* What this task involves *
Copy exactly the lines of the data below, beginning with the line with "秋田県内では豊かな自然環境に" and ending with the line with "Лепешка тартилья , соус". Pictures are to be omitted.

* Input data *
:::

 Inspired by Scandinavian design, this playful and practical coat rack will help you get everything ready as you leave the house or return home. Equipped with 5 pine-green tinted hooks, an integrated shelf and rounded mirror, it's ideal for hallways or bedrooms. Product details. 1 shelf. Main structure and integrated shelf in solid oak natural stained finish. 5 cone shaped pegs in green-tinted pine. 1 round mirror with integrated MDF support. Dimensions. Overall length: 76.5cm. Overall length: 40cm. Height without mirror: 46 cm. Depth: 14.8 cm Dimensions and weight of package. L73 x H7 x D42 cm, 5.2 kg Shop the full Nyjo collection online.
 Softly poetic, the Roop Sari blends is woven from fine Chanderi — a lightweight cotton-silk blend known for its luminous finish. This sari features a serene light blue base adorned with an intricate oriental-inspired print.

:::

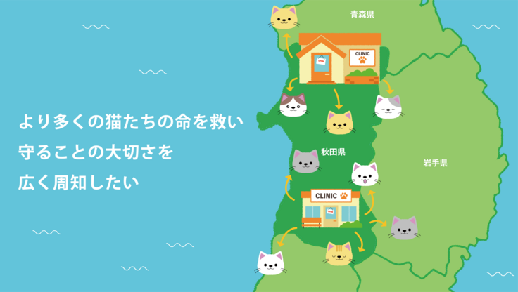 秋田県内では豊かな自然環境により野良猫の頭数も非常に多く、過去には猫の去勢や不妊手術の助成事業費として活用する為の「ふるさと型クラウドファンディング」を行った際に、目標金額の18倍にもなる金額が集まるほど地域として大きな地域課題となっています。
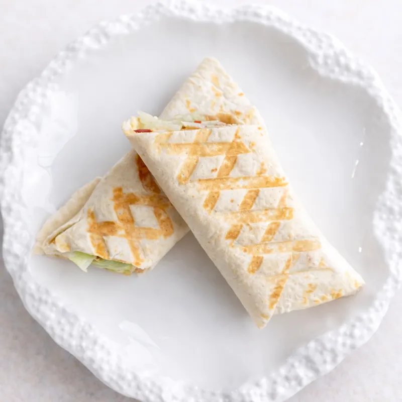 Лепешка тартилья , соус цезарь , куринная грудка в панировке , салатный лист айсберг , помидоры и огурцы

:::

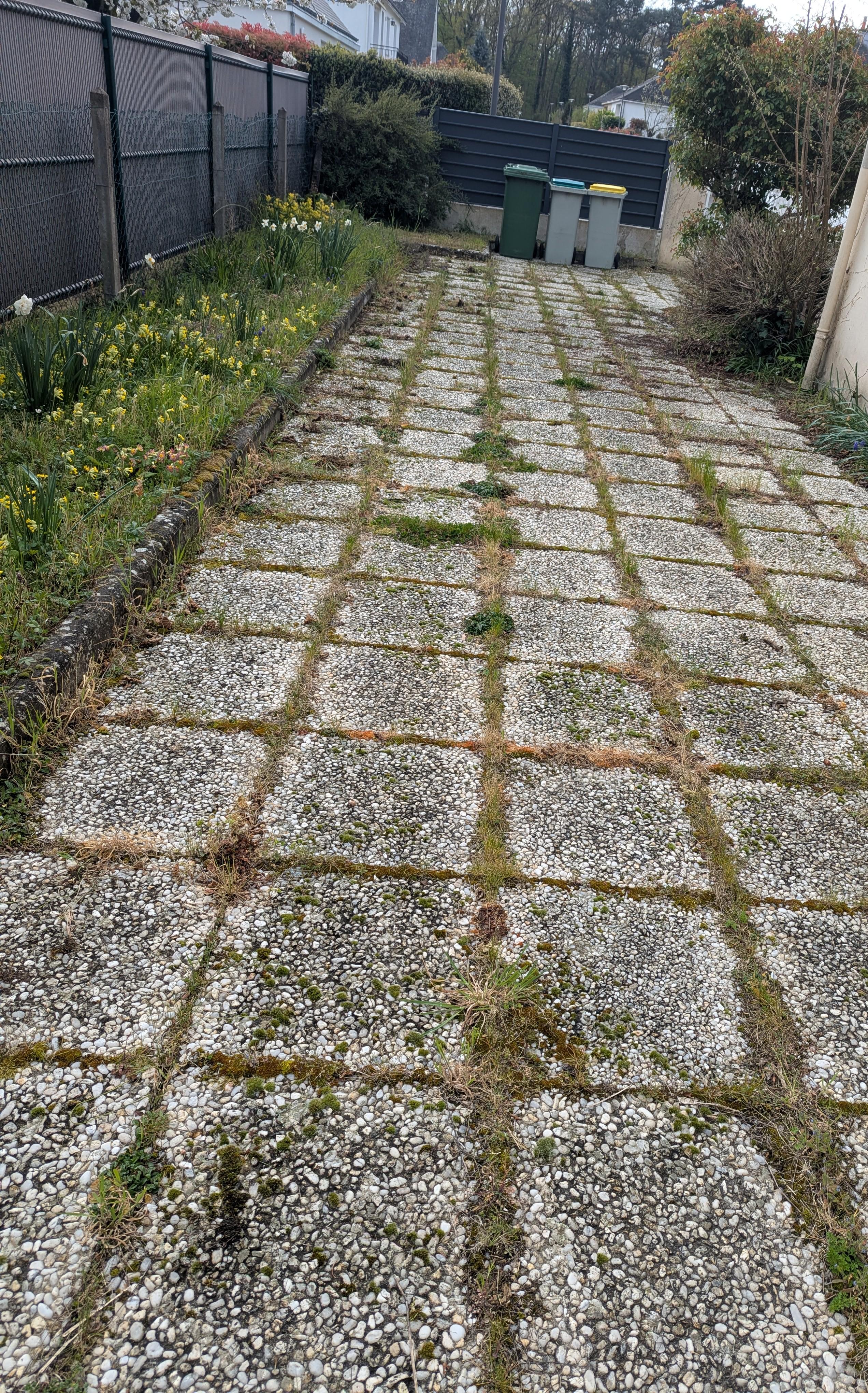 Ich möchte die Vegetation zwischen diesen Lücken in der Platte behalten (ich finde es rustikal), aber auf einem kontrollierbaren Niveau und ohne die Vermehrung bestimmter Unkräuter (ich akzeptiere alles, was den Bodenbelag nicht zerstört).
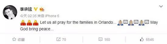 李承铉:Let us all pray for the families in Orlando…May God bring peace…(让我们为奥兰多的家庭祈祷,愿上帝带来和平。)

:::

* Your response *
 秋田県内では豊かな自然環境により野良猫の頭数も非常に多く、過去には猫の去勢や不妊手術の助成事業費として活用する為の「ふるさと型クラウドファンディング」を行った際に、目標金額の18倍にもなる金額が集まるほど地域として大きな地域課題となっています。
 Лепешка тартилья , соус цезарь , куринная грудка в панировке , салатный лист айсберг , помидоры и огурцы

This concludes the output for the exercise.